I'd go with a much smaller fuse than a 0.5 or 1 amp fuse. Those LED's generally draw a maximum amperage of 15mA. A 0.5 amp is 500mA and that LED will be fried long before that fuse goes pop. The 0.5 amp will save the wiring, but not the LED.
Neal- that's the goal, protect the wiring. The LED's most of us are using have a built-in resistor so we won't be blowing them to bits by putting 12v of power to them.
I've been told anything less than 5amps is fine. Just be sure to put the fuse as close to the GPR as you can, and keep the wire tied up as best as possible. The goal here is to not have a long piece of wire with voltage running through it should things go haywire.

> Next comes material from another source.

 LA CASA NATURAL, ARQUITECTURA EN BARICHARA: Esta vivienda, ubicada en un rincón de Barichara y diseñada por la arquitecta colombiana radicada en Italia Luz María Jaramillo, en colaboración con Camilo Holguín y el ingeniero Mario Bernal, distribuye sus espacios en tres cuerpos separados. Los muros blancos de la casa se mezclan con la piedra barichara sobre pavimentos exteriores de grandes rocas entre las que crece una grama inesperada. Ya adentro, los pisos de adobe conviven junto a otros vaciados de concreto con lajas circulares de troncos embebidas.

Neal- that's the goal, protect the wiring. The LED's most of us are using have a built-in resistor so we won't be blowing them to bits by putting 12v of power to them.
I've been told anything less than 5amps is fine. Just be sure to put the fuse as close to the GPR as you can, and keep the wire tied up as best as possible. The goal here is to not have a long piece of wire with voltage running through it should things go haywire.
I have my fuse holder right near the relay post, so that the entire length of the wire is protected. I have a 1 amp fuse. I used 14 ga speaker wire to run inside the truck. It was easy because the wiring was already there from my old switched 10k mod. I put the LED i n the dash where the switch used to be.